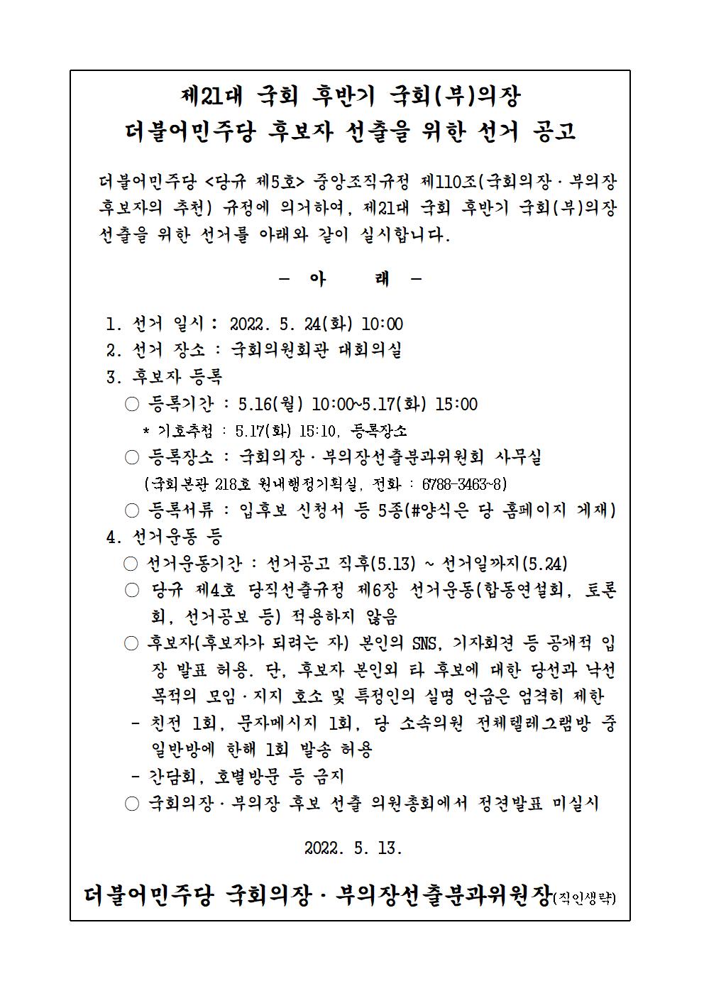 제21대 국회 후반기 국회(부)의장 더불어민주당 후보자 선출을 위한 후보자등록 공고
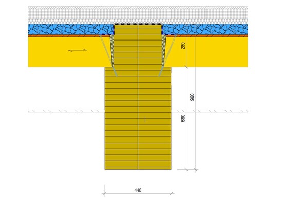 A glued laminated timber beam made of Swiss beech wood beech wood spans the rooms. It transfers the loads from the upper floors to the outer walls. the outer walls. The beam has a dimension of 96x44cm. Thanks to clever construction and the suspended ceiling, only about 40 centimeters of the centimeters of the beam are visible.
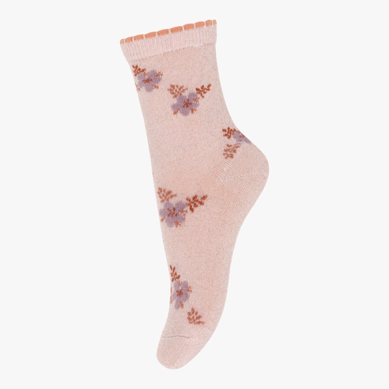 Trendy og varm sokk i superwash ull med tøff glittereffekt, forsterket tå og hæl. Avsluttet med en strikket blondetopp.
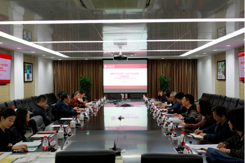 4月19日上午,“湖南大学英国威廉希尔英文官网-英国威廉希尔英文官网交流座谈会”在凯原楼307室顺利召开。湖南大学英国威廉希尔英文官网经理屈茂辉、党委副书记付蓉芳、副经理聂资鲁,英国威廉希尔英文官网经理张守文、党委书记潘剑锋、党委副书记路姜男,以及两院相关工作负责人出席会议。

.....

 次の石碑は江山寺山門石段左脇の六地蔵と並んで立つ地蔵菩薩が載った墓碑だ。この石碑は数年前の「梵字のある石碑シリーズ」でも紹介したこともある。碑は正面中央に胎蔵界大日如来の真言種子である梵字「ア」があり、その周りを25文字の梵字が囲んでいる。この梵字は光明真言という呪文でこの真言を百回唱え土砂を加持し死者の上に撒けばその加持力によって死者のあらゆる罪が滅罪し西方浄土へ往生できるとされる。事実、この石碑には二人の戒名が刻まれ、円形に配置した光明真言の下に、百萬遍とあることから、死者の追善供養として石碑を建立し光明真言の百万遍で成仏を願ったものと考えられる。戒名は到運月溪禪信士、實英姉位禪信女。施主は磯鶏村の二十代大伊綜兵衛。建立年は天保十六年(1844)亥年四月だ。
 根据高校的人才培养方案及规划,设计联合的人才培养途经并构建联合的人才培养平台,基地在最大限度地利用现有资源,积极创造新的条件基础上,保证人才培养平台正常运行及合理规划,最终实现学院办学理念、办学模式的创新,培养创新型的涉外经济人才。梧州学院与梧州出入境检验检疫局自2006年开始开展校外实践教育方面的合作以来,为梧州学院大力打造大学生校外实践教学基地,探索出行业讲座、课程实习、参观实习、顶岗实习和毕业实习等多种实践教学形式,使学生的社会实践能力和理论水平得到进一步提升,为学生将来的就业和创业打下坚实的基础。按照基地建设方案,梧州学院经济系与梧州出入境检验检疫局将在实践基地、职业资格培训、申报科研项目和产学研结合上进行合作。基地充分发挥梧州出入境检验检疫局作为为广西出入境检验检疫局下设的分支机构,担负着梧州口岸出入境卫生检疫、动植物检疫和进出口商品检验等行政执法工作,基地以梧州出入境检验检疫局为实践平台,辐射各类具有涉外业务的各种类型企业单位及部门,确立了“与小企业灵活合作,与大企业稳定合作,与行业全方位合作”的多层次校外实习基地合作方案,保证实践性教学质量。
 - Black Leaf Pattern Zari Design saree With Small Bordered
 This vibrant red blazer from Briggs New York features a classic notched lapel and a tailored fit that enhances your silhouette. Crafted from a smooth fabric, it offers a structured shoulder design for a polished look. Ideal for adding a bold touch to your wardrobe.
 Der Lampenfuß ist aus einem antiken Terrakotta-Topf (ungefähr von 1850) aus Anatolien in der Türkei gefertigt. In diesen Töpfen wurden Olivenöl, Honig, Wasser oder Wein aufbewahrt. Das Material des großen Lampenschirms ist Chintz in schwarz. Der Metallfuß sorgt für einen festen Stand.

.....

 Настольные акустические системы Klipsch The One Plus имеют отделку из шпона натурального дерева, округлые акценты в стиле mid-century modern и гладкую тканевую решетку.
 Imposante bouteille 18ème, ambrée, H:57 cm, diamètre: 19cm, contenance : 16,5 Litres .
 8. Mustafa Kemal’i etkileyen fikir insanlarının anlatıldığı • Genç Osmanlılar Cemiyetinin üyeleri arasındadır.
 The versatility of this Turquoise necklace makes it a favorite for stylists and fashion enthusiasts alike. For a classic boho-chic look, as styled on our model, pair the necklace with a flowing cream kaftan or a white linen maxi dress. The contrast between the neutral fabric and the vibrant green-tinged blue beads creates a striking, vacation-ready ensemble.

.....

Problem statement
Each line in the data that holds the word "vibrant" must be copied.

Response
 This vibrant red blazer from Briggs New York features a classic notched lapel and a tailored fit that enhances your silhouette. Crafted from a smooth fabric, it offers a structured shoulder design for a polished look. Ideal for adding a bold touch to your wardrobe.
 The versatility of this Turquoise necklace makes it a favorite for stylists and fashion enthusiasts alike. For a classic boho-chic look, as styled on our model, pair the necklace with a flowing cream kaftan or a white linen maxi dress. The contrast between the neutral fabric and the vibrant green-tinged blue beads creates a striking, vacation-ready ensemble.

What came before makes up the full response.